*What the task requires*:
Transcribe the listing below exactly, leaving out each image.

*Information shown*:

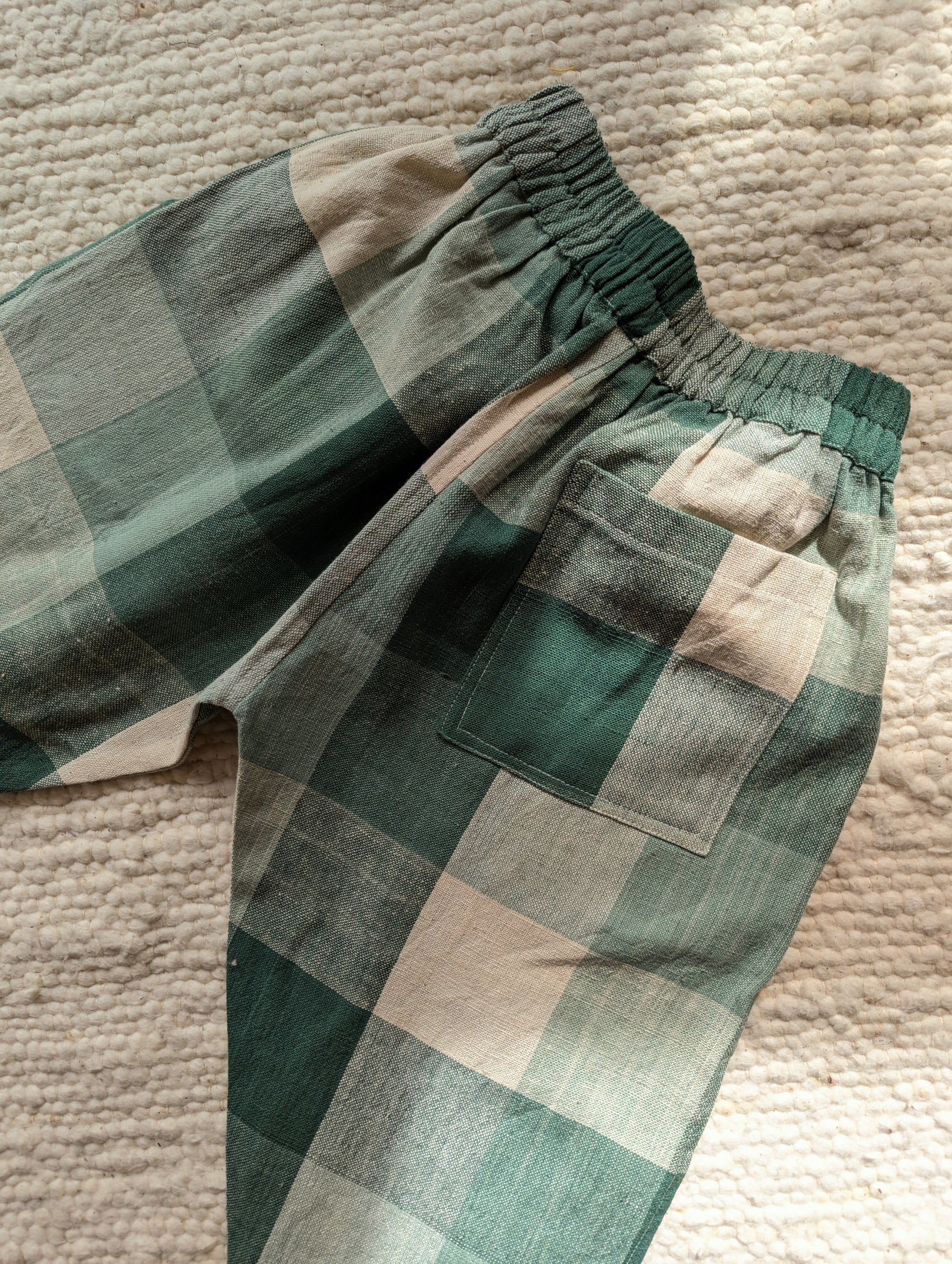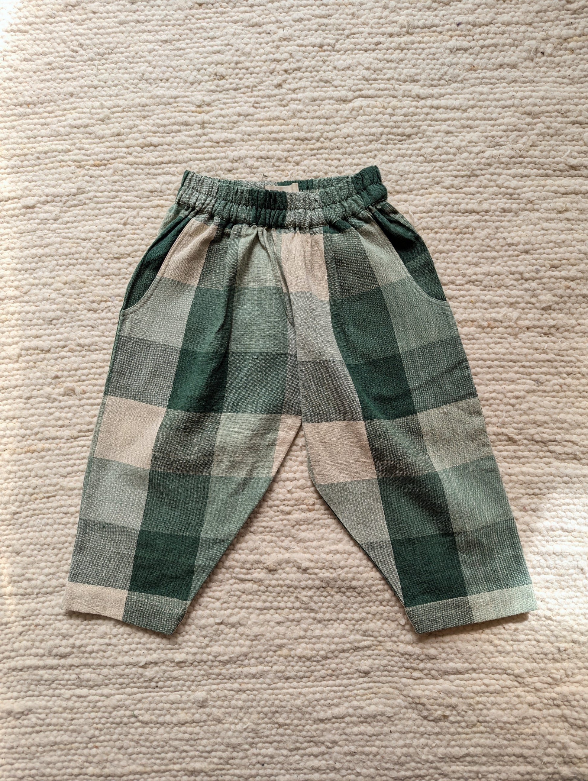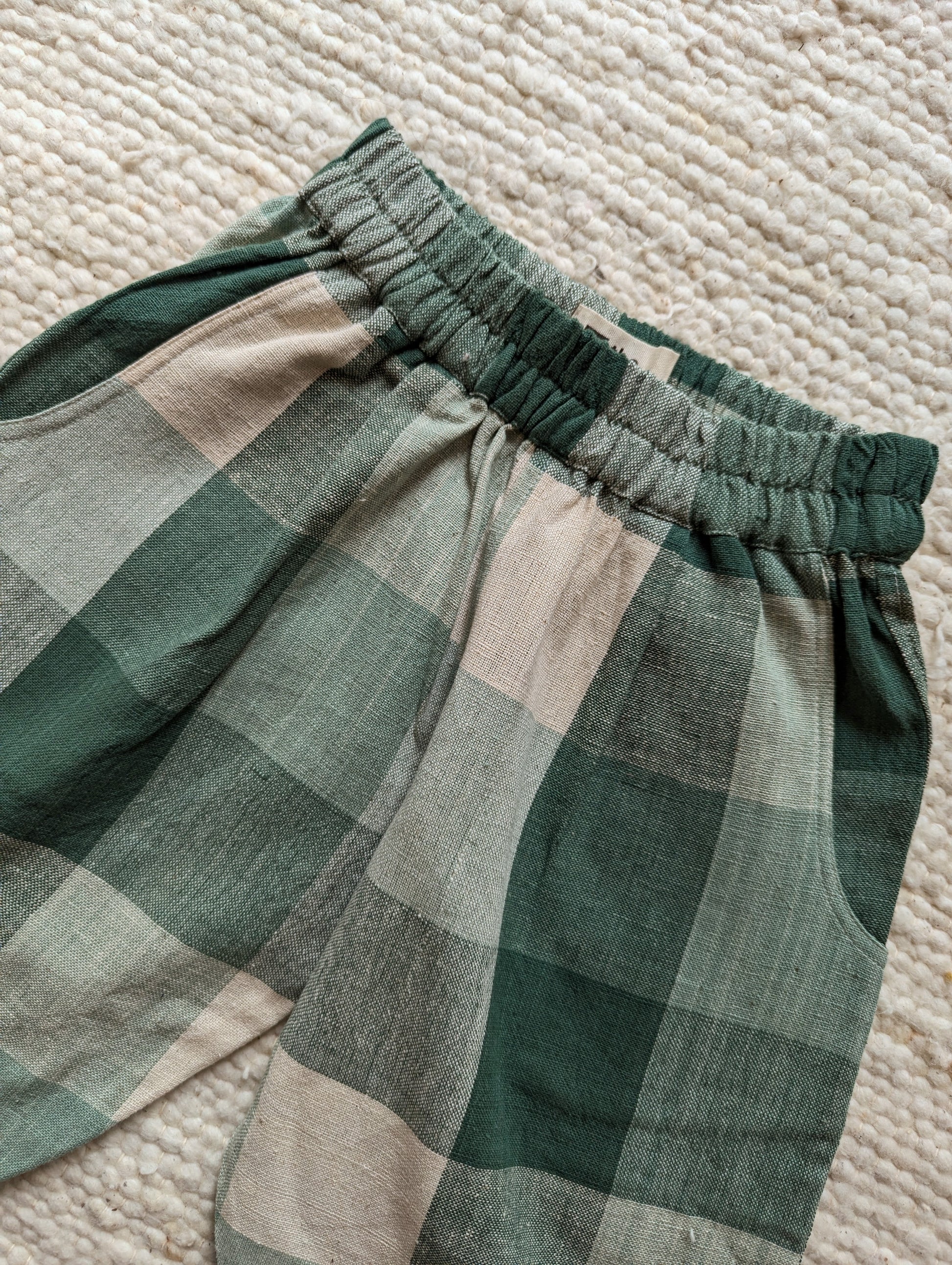 Pine Forest checks is woven in beautiful shades of green and warm ecru. The cotton is thick and durable, perfect for this weather. Designed to be roomy, allowing endless play and adventure. The trousers have elasticated waistbands, gently tapered legs, side pockets, and a back patch pocket for all the little treasures! We strive to give you quality, style and comfort in our trousers.
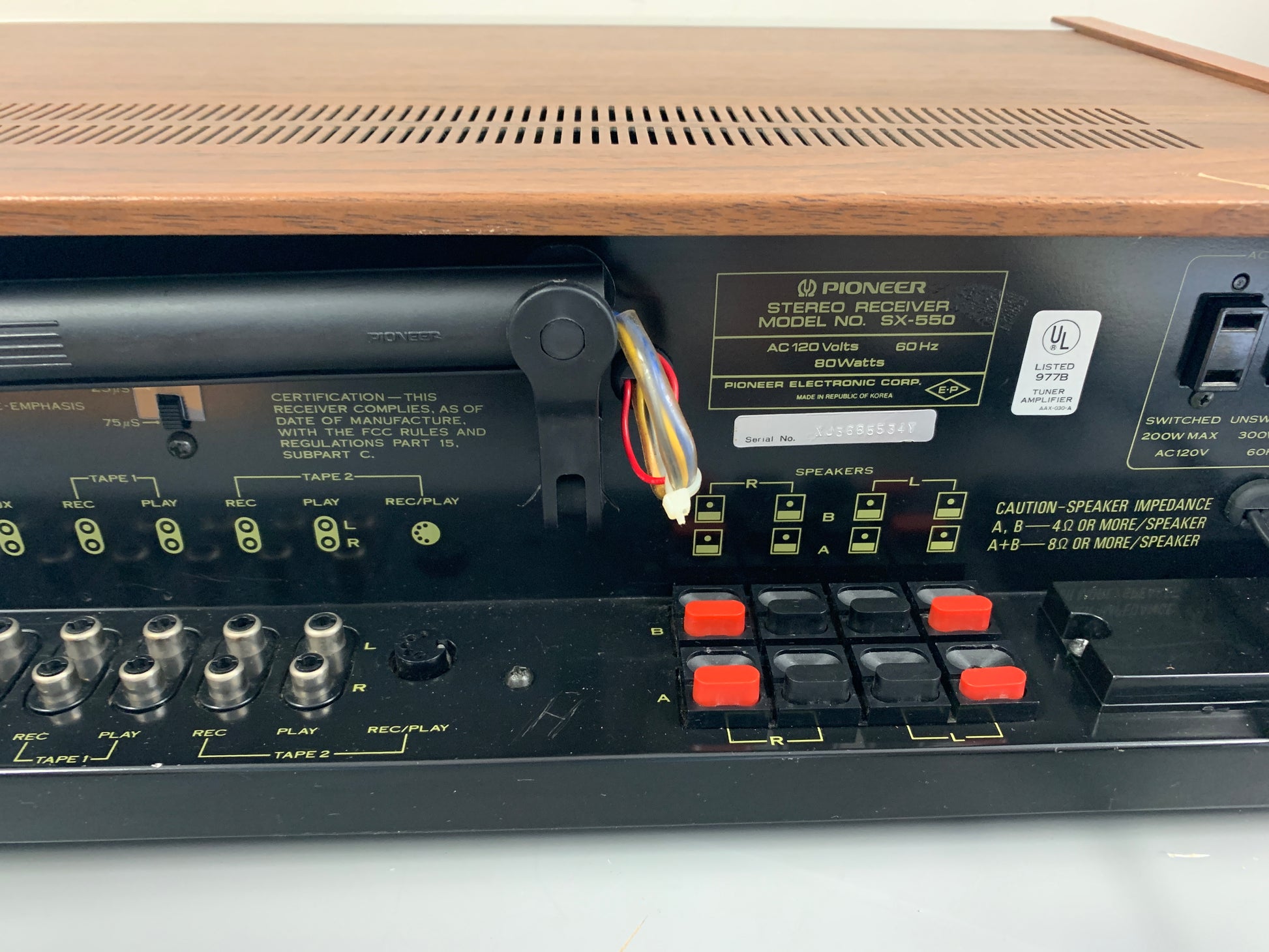 The Pioneer SX-550 is a 20 watt AM/FM stereo receiver featuring FM muting, two tape monitors and provision for 2 pairs of speakers.
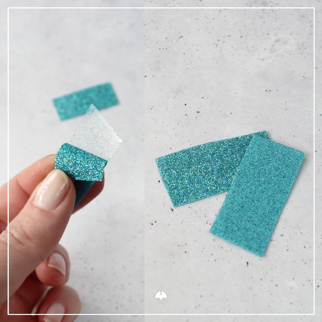 Glitterfolien gibt es in verschiedenen Varianten. Den typischen dickeren, mit rauer Oberfläche, aber auch in glatt. Da sind die Glitterpartikel dann versiegelt. -
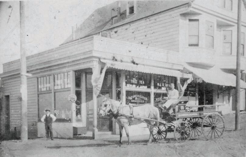 D. Corcoleotes (pronounced cork-lee otis) Market stood on the southeast corner of Kansas and 18th streets for many years. Demetrios Corcoleotes’ family came to the United States during a period of massive Greek immigration, from 1900 to 1914, which was accelerated by the promise of the construction jobs that became available following the 1906 earthquake and fire. Third Street, south of Market, was the center of San Francisco’s Greek community. In the photograph, D. Corcoleotes Market is shown in the early-1900s, before a second story and stucco were added. At that time illumination was “transitional” ; the building had both gas and electric fixtures. The market sold meat, vegetables, bread, beer, cigars and other staples. Almost every Potrero Hill block had its own store, owned by Russians, Slovenians, Italians and Greeks. Many markets took telephone orders and delivered. Recently the building where D. Corcoleotes Market used to vend its wares was home to a pilates studio,and before that, to an antiques store. Peter Linenthal, Potrero Hill Archives Project.
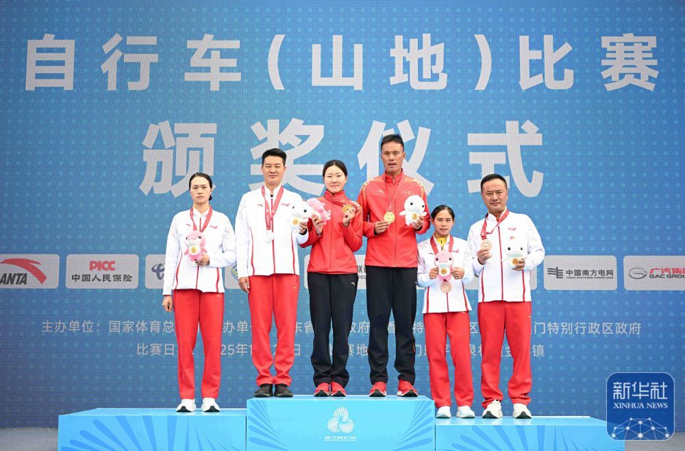 11月20日,在广东江门举行的第十五届全运会女子山地自行车越野赛决赛中,江苏队选手韦倩倩获得冠军,云南队选手吴志凡、梁正兰分别获得亚军和季军。 ↑ 冠军江苏队选手魏倩倩(左三)、亚军云南队选手吴志凡(左)、季军云南队选手梁正兰(右二)在颁奖典礼上与教练合影。 ↑ 冠军江苏队球员魏倩倩(左)与教练在颁奖典礼上。 ↑ 亚军云南队选手吴志凡(左)与教练在颁奖典礼上。 ↑ 云南队季军梁正兰(左)与教练在颁奖典礼上。 ↑ 参赛者卡乐出发↑ 比赛中云南队球员梁正兰、江苏队球员韦倩倩、云南队球员吴志凡(从前到后)。 ↑ 云南队球员吴志凡,江苏队球员韦倩倩和云南队球员梁正兰(从前到后)在比赛中。 ↑ 江苏队球员魏倩倩在比赛中。 ↑ 江苏队球员魏倩倩在比赛中。 ↑ 云南队球员吴志凡(右)与江苏队球员韦倩倩比赛中。 ↑ 云南队球员吴志凡(前)与江苏队球员韦倩倩在比赛中。 ↑ 云南队球员吴志凡在比赛中。 ↑ 云南队球员梁正兰在比赛中。 ↑ 竞赛竞赛。 ↑ 云南队球员吴志凡(右)与江苏队球员韦倩倩比赛中。 ↑ 香港球员关志军在比赛中。新华社记者 陈忠浩 摄 上一篇:【世界论】从“拜鬼”到煽动跨界暴乱,高适的

*Response box*:
 Pine Forest checks is woven in beautiful shades of green and warm ecru. The cotton is thick and durable, perfect for this weather. Designed to be roomy, allowing endless play and adventure. The trousers have elasticated waistbands, gently tapered legs, side pockets, and a back patch pocket for all the little treasures! We strive to give you quality, style and comfort in our trousers.
 The Pioneer SX-550 is a 20 watt AM/FM stereo receiver featuring FM muting, two tape monitors and provision for 2 pairs of speakers.
 Glitterfolien gibt es in verschiedenen Varianten. Den typischen dickeren, mit rauer Oberfläche, aber auch in glatt. Da sind die Glitterpartikel dann versiegelt. -
 D. Corcoleotes (pronounced cork-lee otis) Market stood on the southeast corner of Kansas and 18th streets for many years. Demetrios Corcoleotes’ family came to the United States during a period of massive Greek immigration, from 1900 to 1914, which was accelerated by the promise of the construction jobs that became available following the 1906 earthquake and fire. Third Street, south of Market, was the center of San Francisco’s Greek community. In the photograph, D. Corcoleotes Market is shown in the early-1900s, before a second story and stucco were added. At that time illumination was “transitional” ; the building had both gas and electric fixtures. The market sold meat, vegetables, bread, beer, cigars and other staples. Almost every Potrero Hill block had its own store, owned by Russians, Slovenians, Italians and Greeks. Many markets took telephone orders and delivered. Recently the building where D. Corcoleotes Market used to vend its wares was home to a pilates studio,and before that, to an antiques store. Peter Linenthal, Potrero Hill Archives Project.
 11月20日,在广东江门举行的第十五届全运会女子山地自行车越野赛决赛中,江苏队选手韦倩倩获得冠军,云南队选手吴志凡、梁正兰分别获得亚军和季军。 ↑ 冠军江苏队选手魏倩倩(左三)、亚军云南队选手吴志凡(左)、季军云南队选手梁正兰(右二)在颁奖典礼上与教练合影。 ↑ 冠军江苏队球员魏倩倩(左)与教练在颁奖典礼上。 ↑ 亚军云南队选手吴志凡(左)与教练在颁奖典礼上。 ↑ 云南队季军梁正兰(左)与教练在颁奖典礼上。 ↑ 参赛者卡乐出发↑ 比赛中云南队球员梁正兰、江苏队球员韦倩倩、云南队球员吴志凡(从前到后)。 ↑ 云南队球员吴志凡,江苏队球员韦倩倩和云南队球员梁正兰(从前到后)在比赛中。 ↑ 江苏队球员魏倩倩在比赛中。 ↑ 江苏队球员魏倩倩在比赛中。 ↑ 云南队球员吴志凡(右)与江苏队球员韦倩倩比赛中。 ↑ 云南队球员吴志凡(前)与江苏队球员韦倩倩在比赛中。 ↑ 云南队球员吴志凡在比赛中。 ↑ 云南队球员梁正兰在比赛中。 ↑ 竞赛竞赛。 ↑ 云南队球员吴志凡(右)与江苏队球员韦倩倩比赛中。 ↑ 香港球员关志军在比赛中。新华社记者 陈忠浩 摄 上一篇:【世界论】从“拜鬼”到煽动跨界暴乱,高适的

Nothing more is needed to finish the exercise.